Invest in your tools:
- Find the good ones, use them and tell others!
- Give feedback (this really helps people who make tools to make them better)
- Make them better
- Make entirely new ones
I mentioned how some tools, like Matthew Claypotch’s localStorage bookmarklet are very simple to write but can meet your needs precisely and even show toolmakers what you’d like to have.
Other tools mentioned to me by others but not part of my talk:
- Glimpse is a client-side view into a server-side ASP.net applicaiton
- Edit This Cookie is a Chrome extension for editing cookies. There’s also Firecookie for Firebug
- YSlow is a tool from Yahoo! for spotting performance problems with your pages
- stat.js is a bookmarklet that gives you information (such as frames per second) for the page you’re looking at
- h5o provides an outline view for HTML5 documents
- LiveReload automatically reloads your JS and CSS as you change it (oh, and it will recompile your CoffeeScript, Sass or LESS for you at the same time)
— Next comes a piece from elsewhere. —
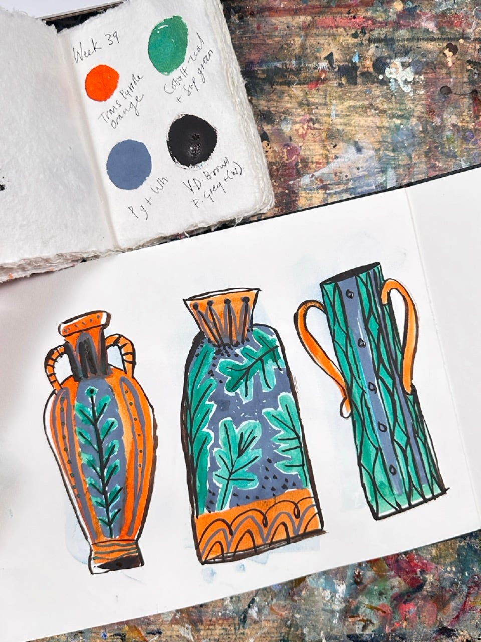This colour combination is quite unusual but I ended up pleased with the three vases I painted in my sketchbook. Full subscribers can watch a demonstration below.

- ReloadEvery is a Firefox extension to reload periodically automatically
- redbot spots problems with the way you’re serving up your pages
- HttpFox is a Firefox extension that provides an alternative view of network requests
- ColorZilla is another set of color tools for Firefox
- Fiddler is a web-debugging proxy
And there are many, many more. It’s a good time to be building web applications.